**Given information**
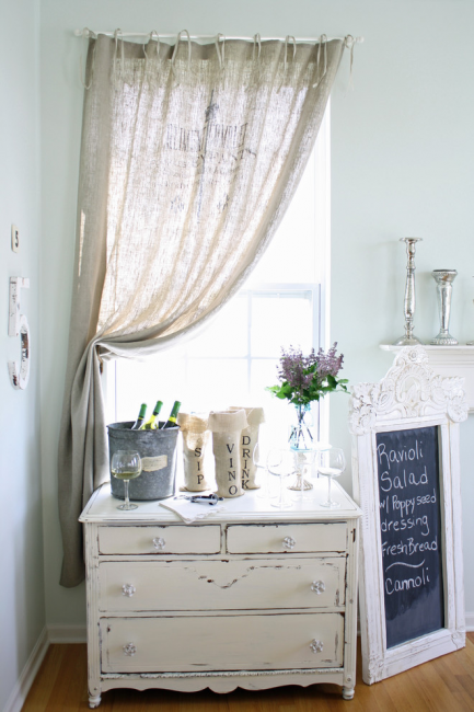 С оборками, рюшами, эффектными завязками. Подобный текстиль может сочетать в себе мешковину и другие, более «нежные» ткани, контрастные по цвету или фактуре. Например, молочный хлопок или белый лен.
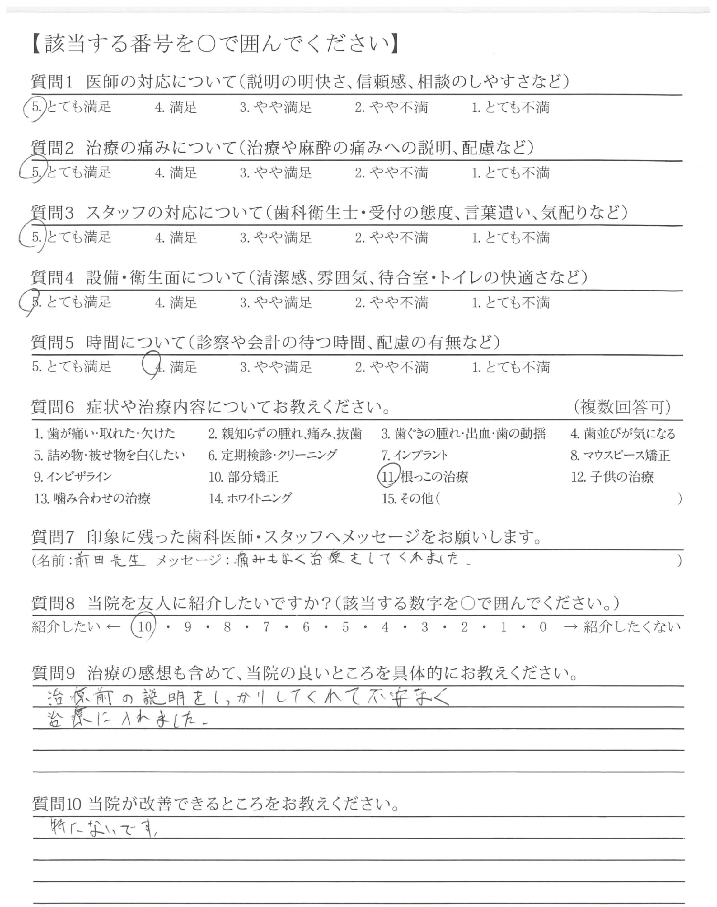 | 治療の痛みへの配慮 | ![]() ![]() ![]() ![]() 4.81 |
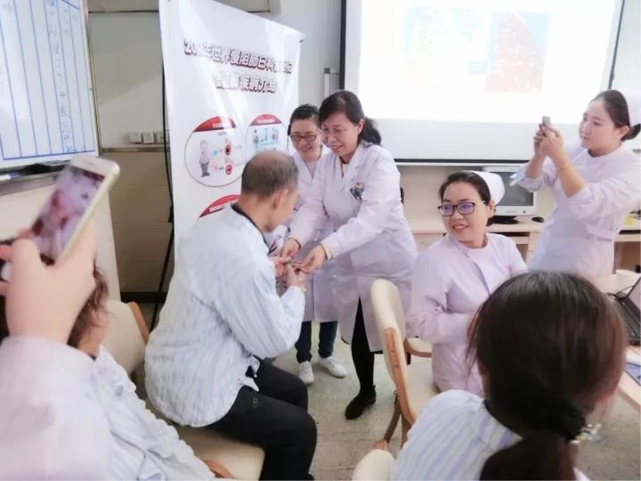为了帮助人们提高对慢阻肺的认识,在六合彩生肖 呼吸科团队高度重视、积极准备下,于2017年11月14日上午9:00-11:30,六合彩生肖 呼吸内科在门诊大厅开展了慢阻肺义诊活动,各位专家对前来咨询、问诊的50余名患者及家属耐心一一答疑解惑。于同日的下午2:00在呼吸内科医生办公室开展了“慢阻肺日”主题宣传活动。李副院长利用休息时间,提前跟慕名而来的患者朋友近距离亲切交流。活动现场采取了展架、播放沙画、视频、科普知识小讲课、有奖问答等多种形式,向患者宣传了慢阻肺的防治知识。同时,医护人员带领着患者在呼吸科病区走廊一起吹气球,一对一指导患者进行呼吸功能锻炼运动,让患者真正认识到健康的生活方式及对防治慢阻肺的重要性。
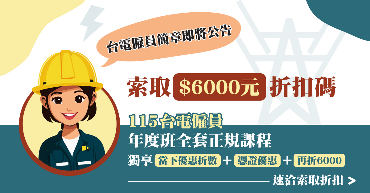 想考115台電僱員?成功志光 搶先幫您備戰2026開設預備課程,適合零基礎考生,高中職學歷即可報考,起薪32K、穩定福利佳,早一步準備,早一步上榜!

**What you will do**
Nothing but an exact transcription of the material, without pictures, should be returned.

**Exercise response**
 С оборками, рюшами, эффектными завязками. Подобный текстиль может сочетать в себе мешковину и другие, более «нежные» ткани, контрастные по цвету или фактуре. Например, молочный хлопок или белый лен.
 | 治療の痛みへの配慮 | ![]() ![]() ![]() ![]() 4.81 |
为了帮助人们提高对慢阻肺的认识,在六合彩生肖 呼吸科团队高度重视、积极准备下,于2017年11月14日上午9:00-11:30,六合彩生肖 呼吸内科在门诊大厅开展了慢阻肺义诊活动,各位专家对前来咨询、问诊的50余名患者及家属耐心一一答疑解惑。于同日的下午2:00在呼吸内科医生办公室开展了“慢阻肺日”主题宣传活动。李副院长利用休息时间,提前跟慕名而来的患者朋友近距离亲切交流。活动现场采取了展架、播放沙画、视频、科普知识小讲课、有奖问答等多种形式,向患者宣传了慢阻肺的防治知识。同时,医护人员带领着患者在呼吸科病区走廊一起吹气球,一对一指导患者进行呼吸功能锻炼运动,让患者真正认识到健康的生活方式及对防治慢阻肺的重要性。
 想考115台電僱員?成功志光 搶先幫您備戰2026開設預備課程,適合零基礎考生,高中職學歷即可報考,起薪32K、穩定福利佳,早一步準備,早一步上榜!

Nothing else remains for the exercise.